+++ Records shown
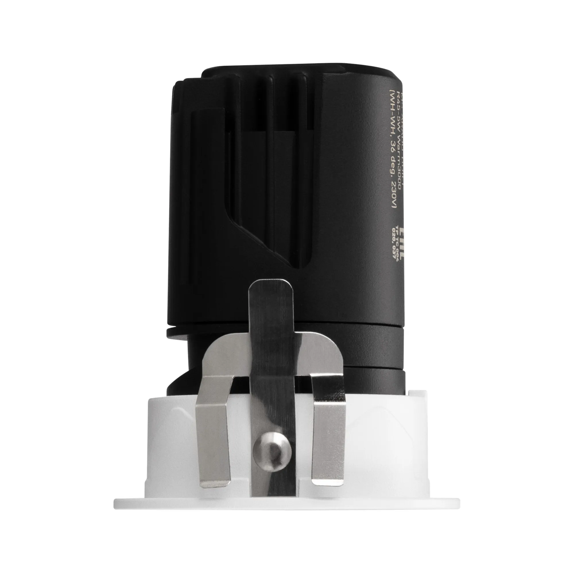 Встраиваемый светильник даунлайт. Мощность 5 Вт, св. поток 280 лм, 56 лм/Вт, теплый 3000 K, CRI>92, угол 36°, напряжение питания 230 В. Белый круглый корпус из алюминия, белый матовый отражатель, степень защиты IP20 . Размер: диаметр 52 мм, высота 66 мм. Монтаж встраиваемый, установочное отверстие: диаметр 45 мм. Драйвер, 27-40 В, 120 мА, пульсация <1%.
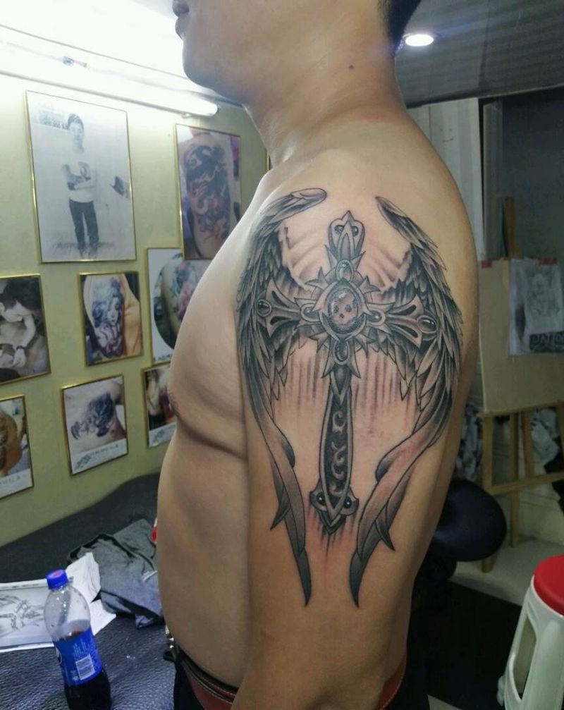 • 纹身吧推荐的披肩图腾半胛纹身图案作品展示
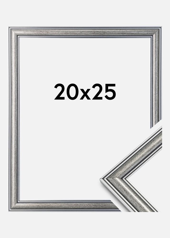 Frigg é uma moldura prateada com linhas pretas e detalhes pontilhados em preto. É perfeita quando procura uma moldura prateada tradicional e ampla que combine com vários tipos de imagens e ambientes.
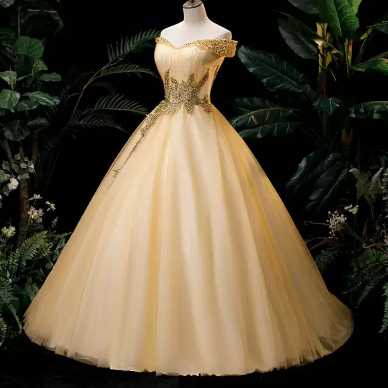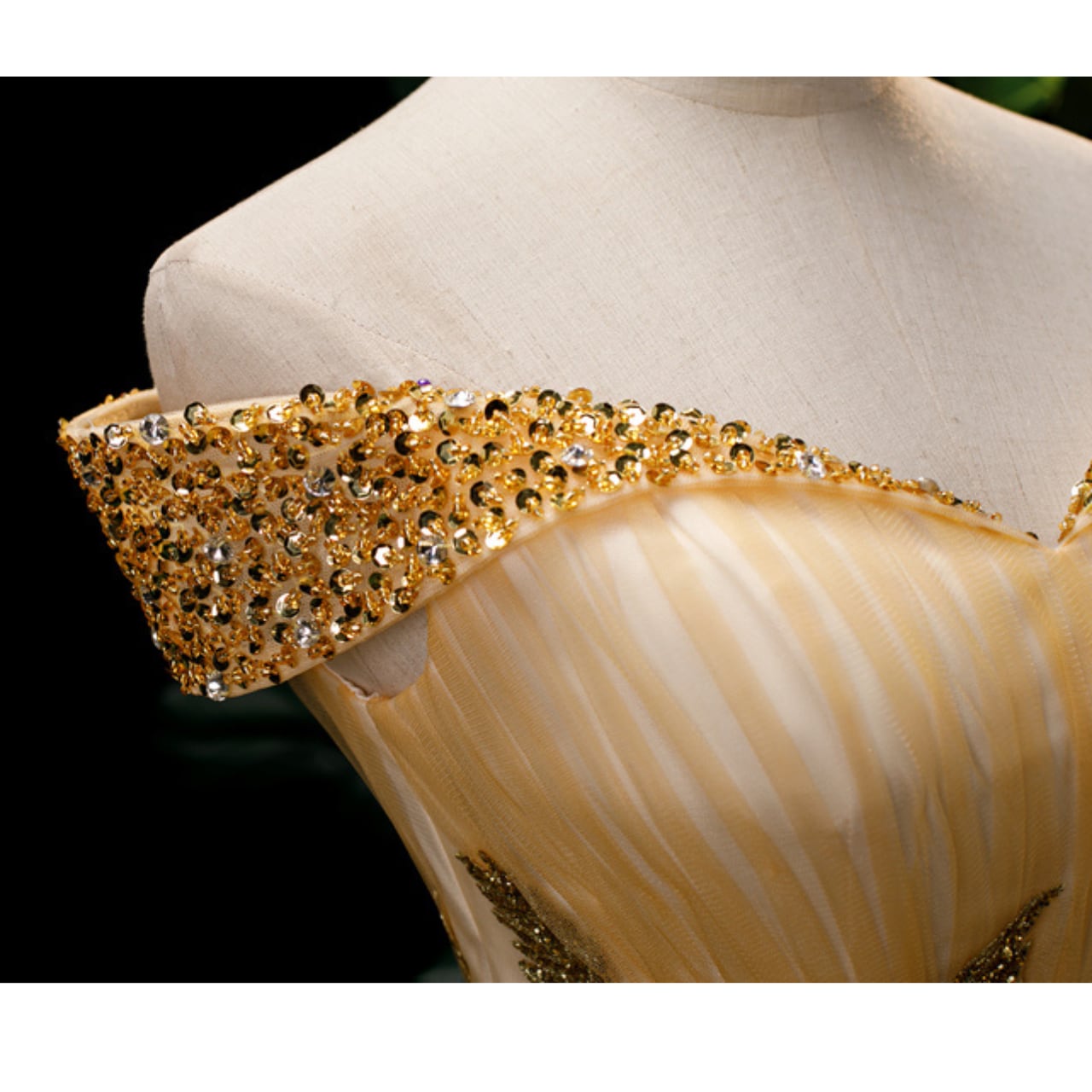 ゴージャス刺繍チュールオフショルダードレス CL0197
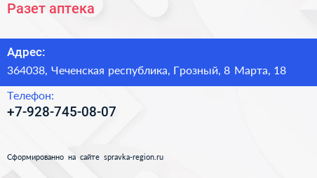 Разет, аптека по адресу 364038, Чеченская республика, Грозный, 8 Марта, 18 в дальнейшем Организация, размещена в следующих категориях:
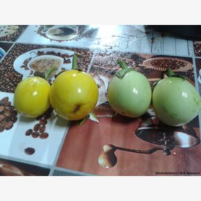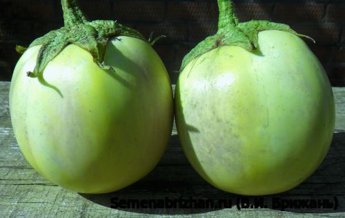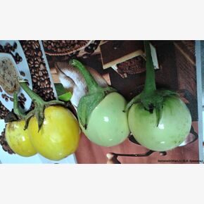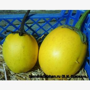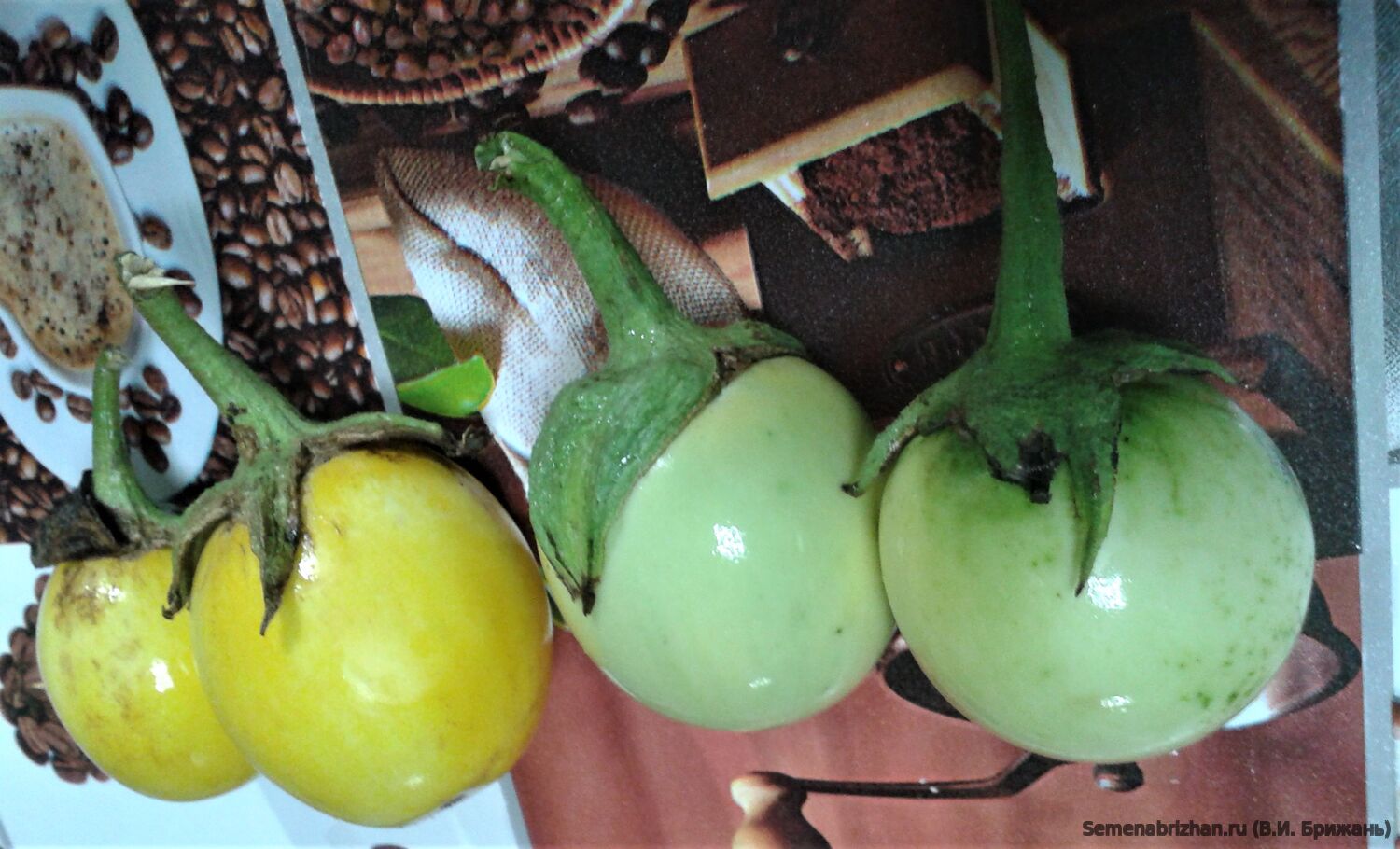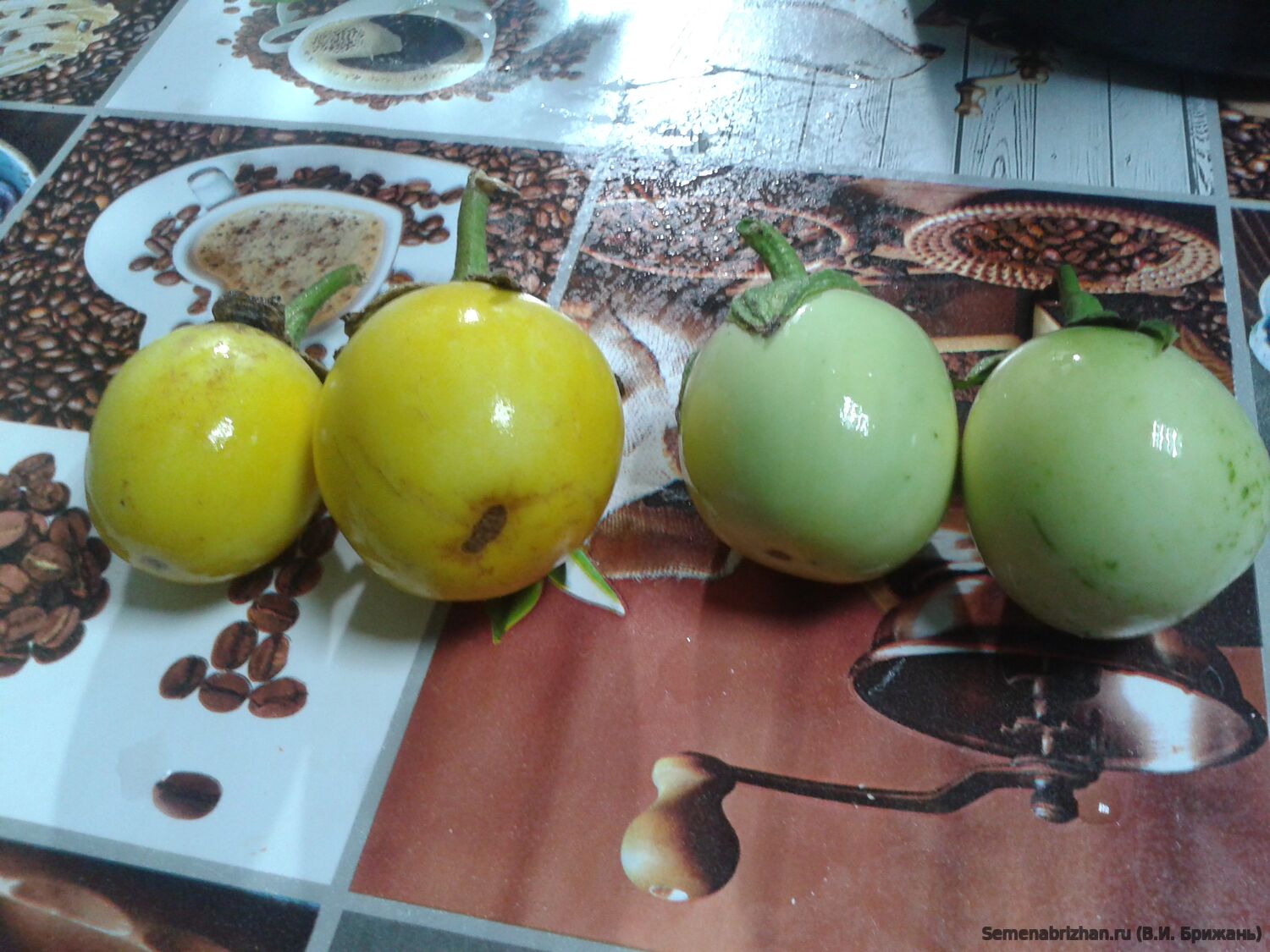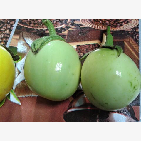 Сорт Зеленое яблоко (Apple green) был разработан селекционером Элвином Мидером из экспериментальной станции Университета Нью-Гэмпшира в 1964г, США. Получен путём скрещивания сладкого и горького баклажана «Китайский красный» (Solanum integrifolium). Сорт супер-ранний (до 70 дней) отлично подходит для выращивания, как в южных, так и в северных регионах России. Растение в открытом грунте формирует компактный, хорошо ветвящийся куст «без шипов», высотой до 55 см и 45 см в диаметре. Плоды имеют форму большого яблока. Размер плода: 15х13 см. В тех спелости они зелёные, в биологической - жёлто-зелёные, до 13 см в диаметре, массой до 180-200 гр., с тонкой кожицей. Мякоть деликатесного вкуса, необыкновенно плотная, нежная, белая, совсем без горечи, долго не темнеет, жарится и запекается быстрее обычного баклажана. Вкусовые качества отличные. Один из лучших сортов для запекания с томатами и приготовления икры. Этот сорт создан специально для выращивания в малообъемной культуре (горшках, контейнерах) и обладает длительным периодом плодоношения. Урожай может убираться как в начальной стадии зрелости, для потребления целыми плодами, так и позже, когда плоды достигнут «взрослых» размеров. Посев на рассаду проводят в конце февраля, пикировку – в фазе семядолей. Высадка рассады – в конце мая. Формировка: удаление всех боковых побегов и листьев до первой развилки. К концу июля на растении оставляют 5-6 самых крупных завязей, другие цветы и завязи удаляют. Схема посадки 40х60 см. Товарная урожайность до 5,5 кг/м2. Сорт очень урожайный, плодоносит до заморозков, хорошо растет в доме на окне. В пакете 20шт. семян.
++++++
● **Task to complete**
Each line from the first line of the material above through the line containing "Разет, аптека по" is to be reproduced exactly, with both ends kept and pictures left out.

● **Solved exercise**
 Встраиваемый светильник даунлайт. Мощность 5 Вт, св. поток 280 лм, 56 лм/Вт, теплый 3000 K, CRI>92, угол 36°, напряжение питания 230 В. Белый круглый корпус из алюминия, белый матовый отражатель, степень защиты IP20 . Размер: диаметр 52 мм, высота 66 мм. Монтаж встраиваемый, установочное отверстие: диаметр 45 мм. Драйвер, 27-40 В, 120 мА, пульсация <1%.
 • 纹身吧推荐的披肩图腾半胛纹身图案作品展示
 Frigg é uma moldura prateada com linhas pretas e detalhes pontilhados em preto. É perfeita quando procura uma moldura prateada tradicional e ampla que combine com vários tipos de imagens e ambientes.
 ゴージャス刺繍チュールオフショルダードレス CL0197
 Разет, аптека по адресу 364038, Чеченская республика, Грозный, 8 Марта, 18 в дальнейшем Организация, размещена в следующих категориях:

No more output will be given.